For the entries below, repeat exactly each line starting with the one that contains "전달하며 나눔활동 지속 |" and going on through the one that contains "Brățară Van Cleef", and no others.

(Source material):
════
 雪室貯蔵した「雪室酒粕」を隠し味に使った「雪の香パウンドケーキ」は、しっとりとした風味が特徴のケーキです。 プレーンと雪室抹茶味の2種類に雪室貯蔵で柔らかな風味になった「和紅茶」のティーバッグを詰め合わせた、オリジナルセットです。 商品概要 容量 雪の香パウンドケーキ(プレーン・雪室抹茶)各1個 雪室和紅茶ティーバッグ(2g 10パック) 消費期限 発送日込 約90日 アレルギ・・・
════
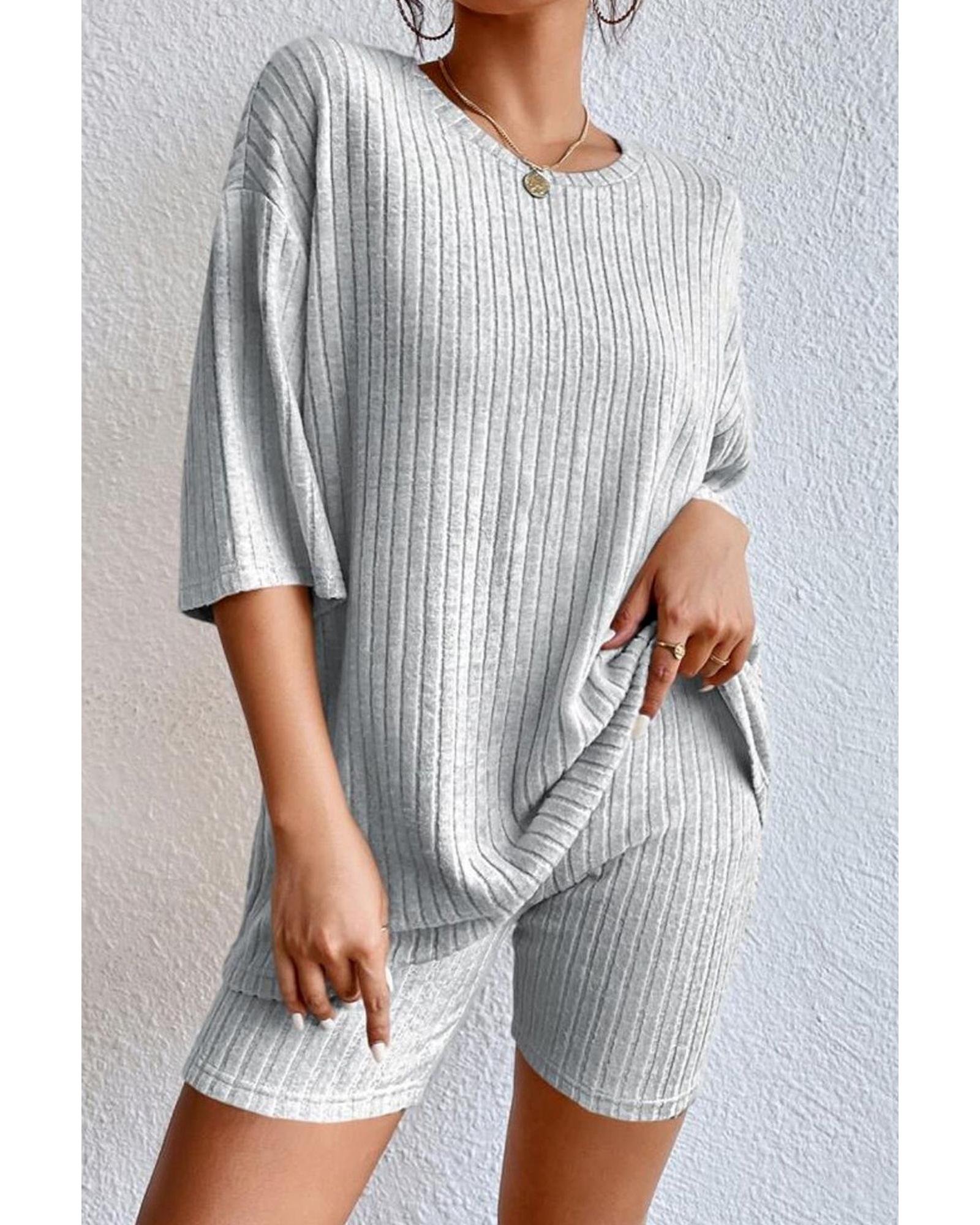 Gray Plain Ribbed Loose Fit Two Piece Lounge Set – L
════
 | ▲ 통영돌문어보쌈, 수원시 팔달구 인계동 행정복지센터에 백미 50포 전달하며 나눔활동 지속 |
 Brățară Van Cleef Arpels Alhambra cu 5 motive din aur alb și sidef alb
════
(Result):
 | ▲ 통영돌문어보쌈, 수원시 팔달구 인계동 행정복지센터에 백미 50포 전달하며 나눔활동 지속 |
 Brățară Van Cleef Arpels Alhambra cu 5 motive din aur alb și sidef alb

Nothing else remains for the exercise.